Exercise objective: In the records below, reproduce exactly the lines from the one containing "È in versione" through the one containing "Самые невинные каракули...", both included, and omit the pictures.

Dataset excerpts:

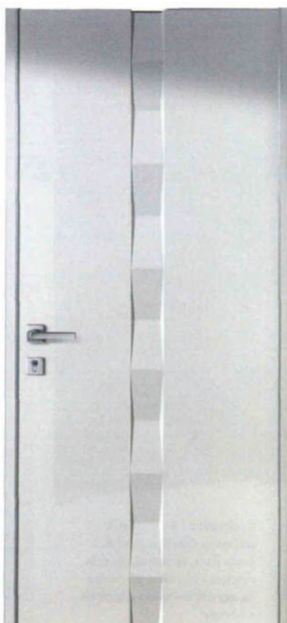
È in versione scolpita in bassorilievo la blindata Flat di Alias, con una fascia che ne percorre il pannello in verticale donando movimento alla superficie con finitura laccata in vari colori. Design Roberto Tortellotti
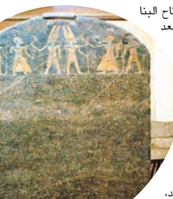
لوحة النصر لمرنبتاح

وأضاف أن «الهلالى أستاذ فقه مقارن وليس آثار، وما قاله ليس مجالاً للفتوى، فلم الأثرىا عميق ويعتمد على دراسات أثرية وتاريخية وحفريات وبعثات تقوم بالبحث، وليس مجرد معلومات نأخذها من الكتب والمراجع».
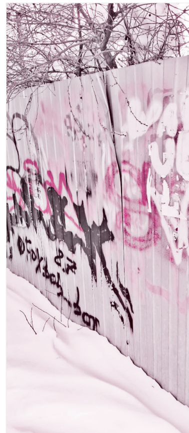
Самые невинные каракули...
--
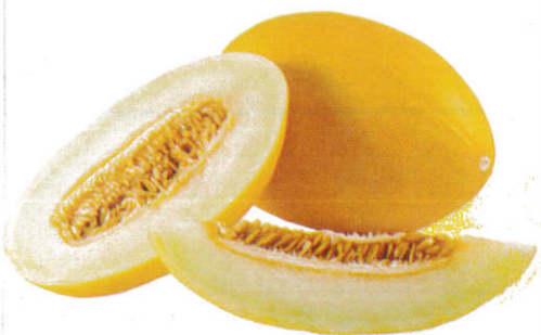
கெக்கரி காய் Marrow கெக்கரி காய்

Answer to the exercise:
È in versione scolpita in bassorilievo la blindata Flat di Alias, con una fascia che ne percorre il pannello in verticale donando movimento alla superficie con finitura laccata in vari colori. Design Roberto Tortellotti
لوحة النصر لمرنبتاح

وأضاف أن «الهلالى أستاذ فقه مقارن وليس آثار، وما قاله ليس مجالاً للفتوى، فلم الأثرىا عميق ويعتمد على دراسات أثرية وتاريخية وحفريات وبعثات تقوم بالبحث، وليس مجرد معلومات نأخذها من الكتب والمراجع».
Самые невинные каракули...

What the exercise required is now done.